Wer seine Reise selbst organisiert und unsicher ist, ob schwule Paare willkommen sind, kontaktiert das Hotel am besten noch vor der Buchung, empfiehlt Fuhrer. «Damit kann man solchen Situationen aus dem Weg gehen.» Bei Aufenthalten in Ländern, in denen homosexuelle Beziehungen kriminalisiert oder gesellschaftlich eher tabuisiert sind, tue man gut daran, sich im Vorfeld gründlich mit Land und Leuten auseinanderzusetzen. «Oder sich an Leute wenden, die sich besser auskennen.»

«Man darf nicht vergessen, dass andere Kulturen eine andere Einstellung haben zu homosexuellen Beziehungen.»

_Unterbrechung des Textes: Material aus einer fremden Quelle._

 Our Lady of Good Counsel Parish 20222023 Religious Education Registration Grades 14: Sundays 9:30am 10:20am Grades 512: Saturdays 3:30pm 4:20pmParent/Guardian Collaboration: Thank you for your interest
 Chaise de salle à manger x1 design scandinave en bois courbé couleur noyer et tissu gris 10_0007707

Die Betten auseinandergeschoben
Fuhrer betont, dass es sich bei Alans Erlebnis um eine seltene Ausnahme handle, und man sich dadurch nicht abschrecken lassen dürfe. «Hoteliers auf der ganzen Welt sind darum bemüht, ihre Gäste willkommen zu heissen und ihnen einen möglichst schönen Aufenthalt zu ermöglichen. Das gilt auch für die Türkei», sagt er.

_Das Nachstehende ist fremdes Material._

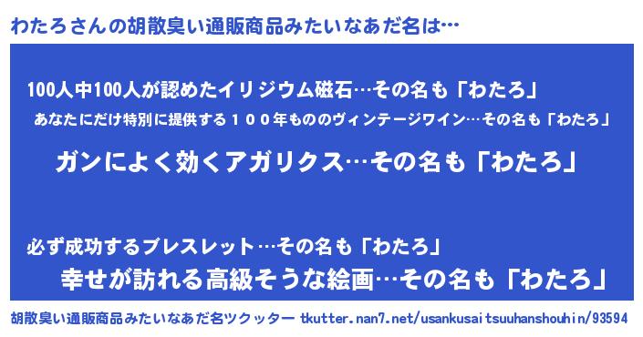 | 意味不明あだ名 | 『自称わたろ』『なめこ科わたろ属』 |
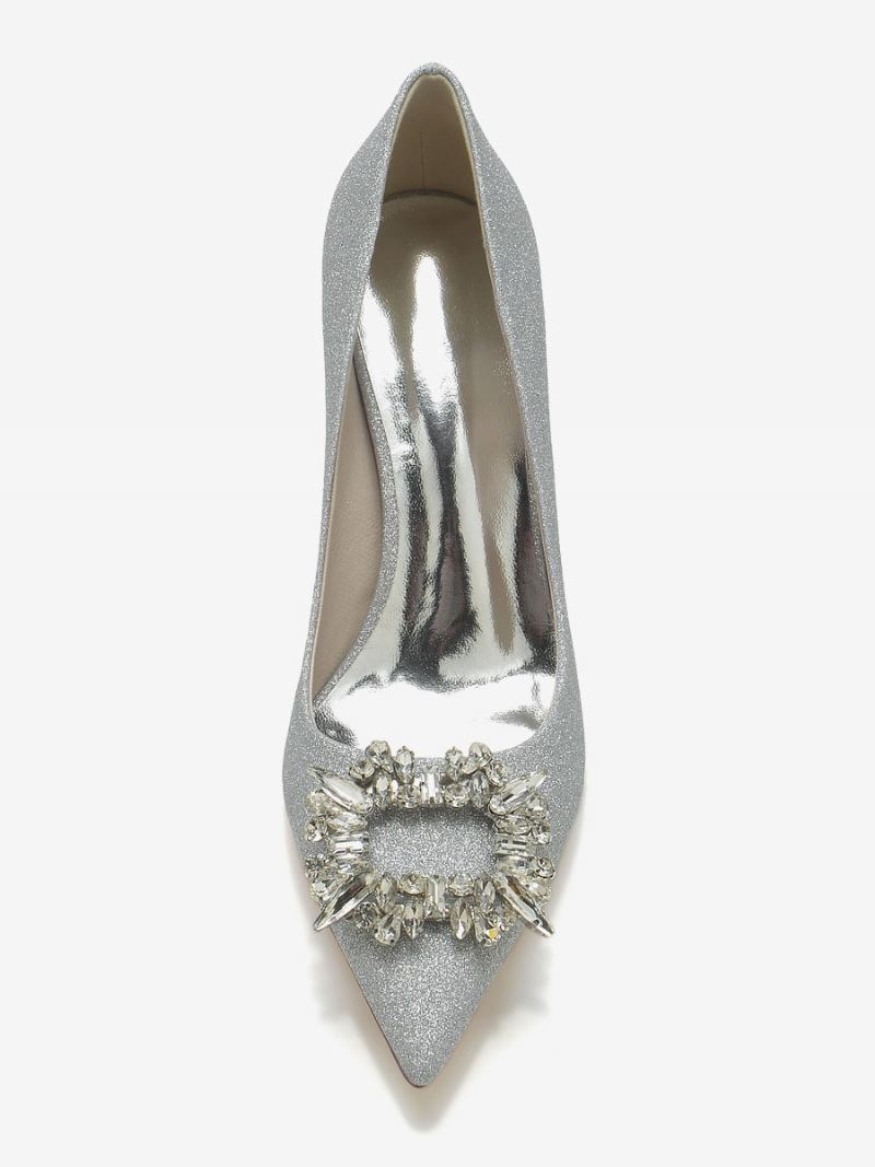 Sapatos Casamento Feminino Bombas Noiva Pano Lantejoulas Strass Bico Fino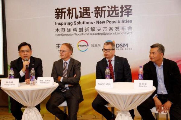 (左起)科思創涂料、粘合劑及特殊化學品業務部亞太區高級副總裁鐘小斌,科思創涂料、粘合劑及特殊化學品業務部應用與技術開發主管彼得·克魯帕,帝斯曼涂料樹脂特種樹脂業務部全球商務總監Martin Vlak,和帝斯曼涂料樹脂亞太區商業總監裴忠華回答媒體提問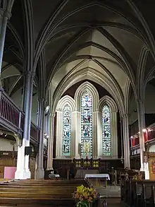 A new organ by Vincent and Co. replaced the Elliot and Hill instrument in 1902, which was rebuilt by Binns, Fitton and Haley in 1931. This in turn was extensively rebuilt by Harrison and Harrison in 1961. It is of some local renown, and in its heyday, many recitals by leading organitsts were played on it. A specification of the organ can be found on the National Pipe Organ Register. It is not typically used at services, the music being provided instead by a worship band.[4]

Als Reiseberater ist Fuhrer oft unterwegs und hat schon erlebt, dass man ihn und seinen Partner mit hochrotem Kopf beim Check-in im Hotel begrüsst habe, um dann im Zimmer noch kurzerhand die Betten auseinanderzuschieben. «Man darf nicht vergessen, dass andere Kulturen eine andere Einstellung haben zu homosexuellen Beziehungen. Das muss man respektieren.»

Kein Türkei-Besuch mehr geplant
Alan hat nicht vor, in absehbarer Zeit wieder in die Türkei zurückzukehren. Sein Besuch hat ihm allgemein nicht sehr gefallen, nicht nur wegen der negativen Erfahrung im Emerald Hotel. «Die Stimmung in der Stadt war sehr bedrückt», sagt er. «Auch Freunde haben mir bestätigt, dass sich die Situation in Istanbul zurzeit negativ entwickelt.»

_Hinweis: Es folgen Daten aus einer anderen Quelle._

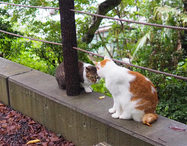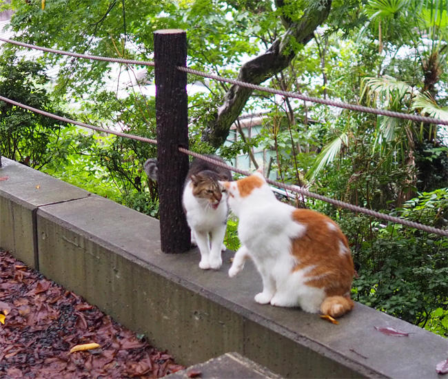 上には別の茶白さんとサバ白さんが対峙しています。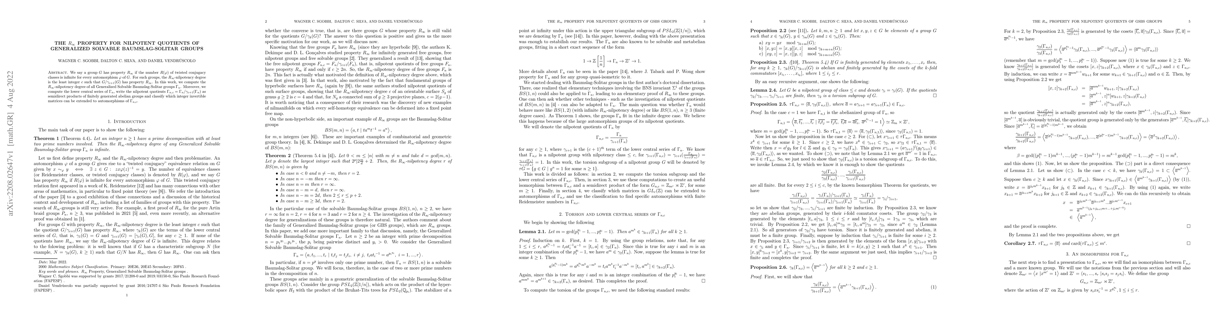 This research computes the $R_\infty$-nilpotency degree for Generalized Solvable Baumslag-Solitar groups $\Gamma_n$ and expresses their nilpotent quotients $\Gamma_{n,c}$ as semidirect products of finitely generated abelian groups. It also classifies invertible integer matrices that extend to automorphisms of these nilpotent quotients.
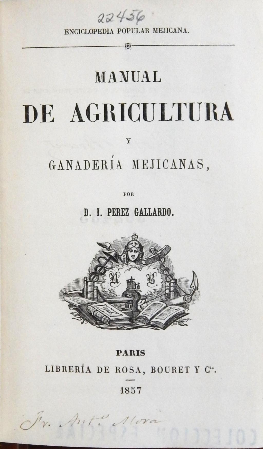 Manual de agricultura y ganadería mejicanas MX-SC-DGB-BM-RV-22456 Descargar Registro catalográfico Orden25885No. de registro22456Clave de obraMX-SC-DGB-BM-RV-22456No. de clasificación630.202No. de autorP47Autor personalPérez Gallardo, D. I.TítuloManual de agricultura y ganadería mejicanasMención de autoríapor D. I. Pérez GallardoCiudad, paísParísLugar asociadoFrancia > ParísEditorialLibrería de Rosa Bouret y Cía.Año de publicación1857Siglo de publicaciónSiglo XIXDescripción física280 p.Materias generalesAgricultura -- Manuales, etc.ColecciónColección Roberto Valles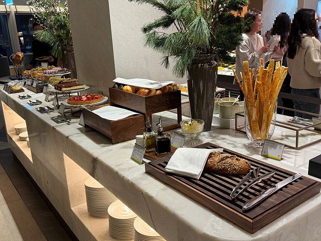 8시 쯤에 라운지로 아침 먹으러 갔는데 바로 입장 가능했고 한강쪽 뷰가 좋았다. 아셈타워가 시야를 가리는 건 살짝 아쉬웠다.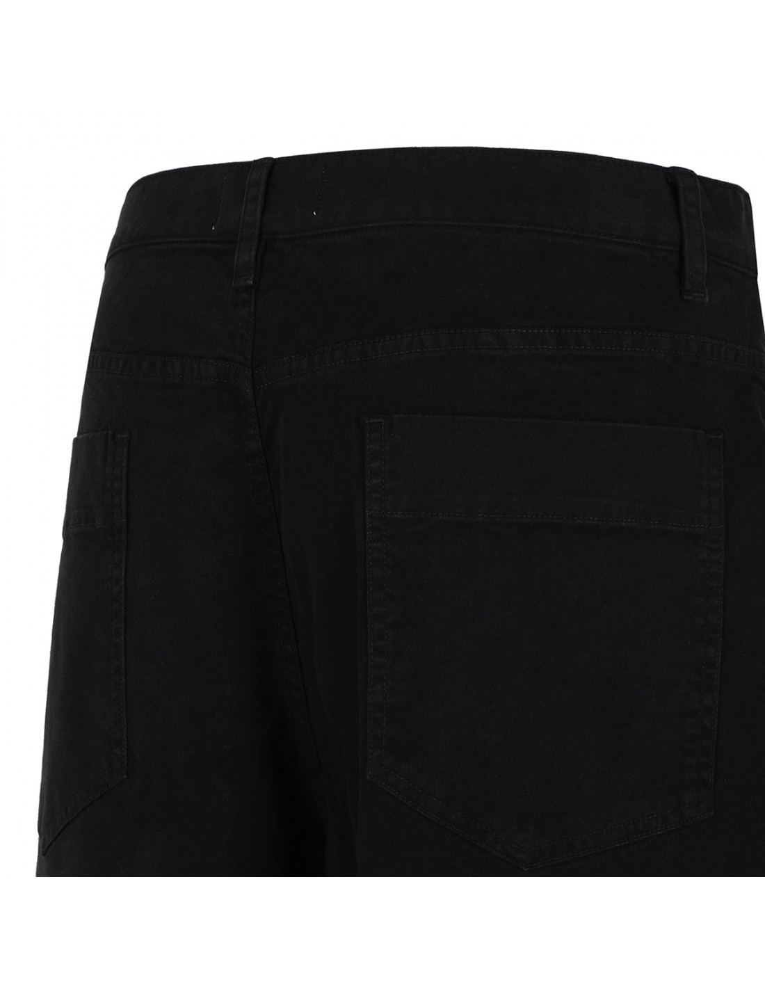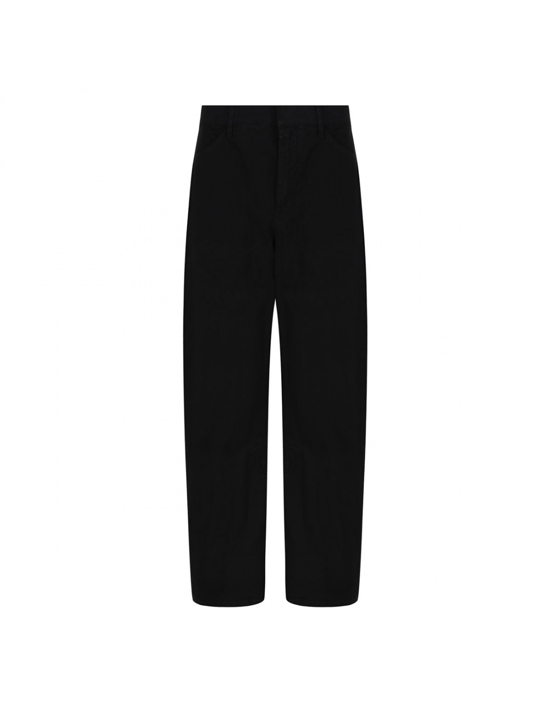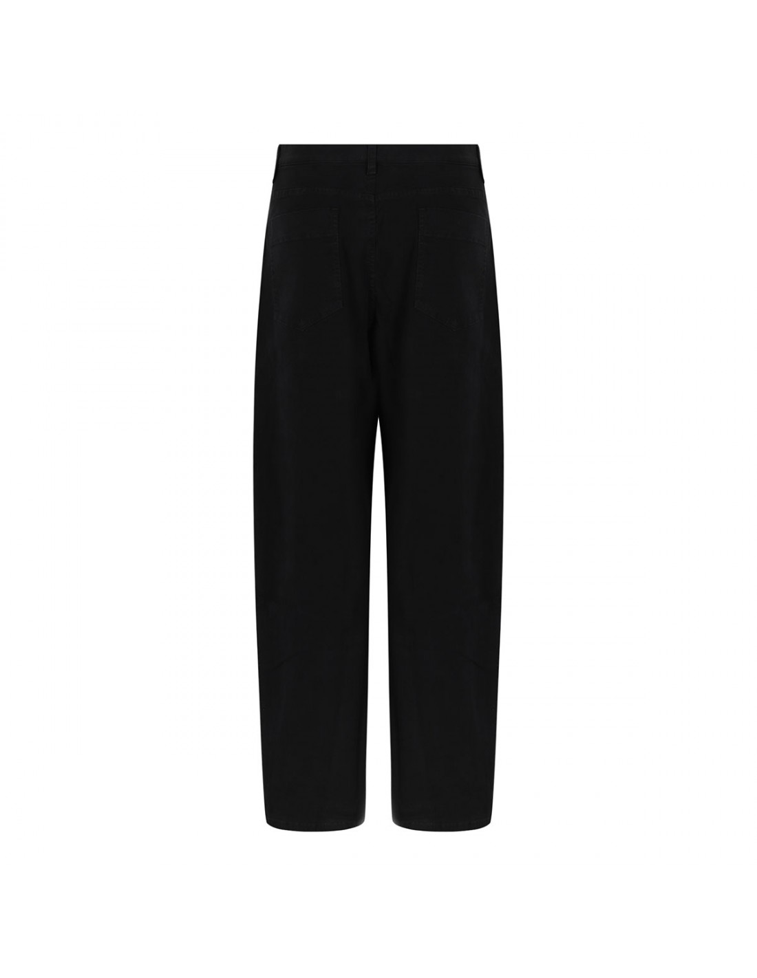 Black brushed stretch twill cotton Tribeca pants from Nili Lotan featuring mid rise, barrel leg, relaxed silhouette, slant pockets, hidden hook-and-bar fastening, zip fly, back patch pockets, belt loops on the waistband and coin pocket.

Er will in Zukunft ohnehin nicht wieder in ein Land reisen, das gegenüber schwulen Beziehungen konservativ eingestellt ist. Falls doch, würde er zuerst abklären, ob es sich beim Hotel um eine gay-friendly Unterkunft handelt. Sein Zimmer würde er sofort wieder mit hotels.com buchen. Die kulante Reaktion des Kundendiensts hat der Buchungsplattform einen treuen Kunden beschert. «Ich bin froh, hatte ich das Doppelzimmer über sie und nicht direkt über das Hotel gebucht», sagt er. «Hotels.com hat mir gezeigt, dass sie auch im Notfall für mich da sind.»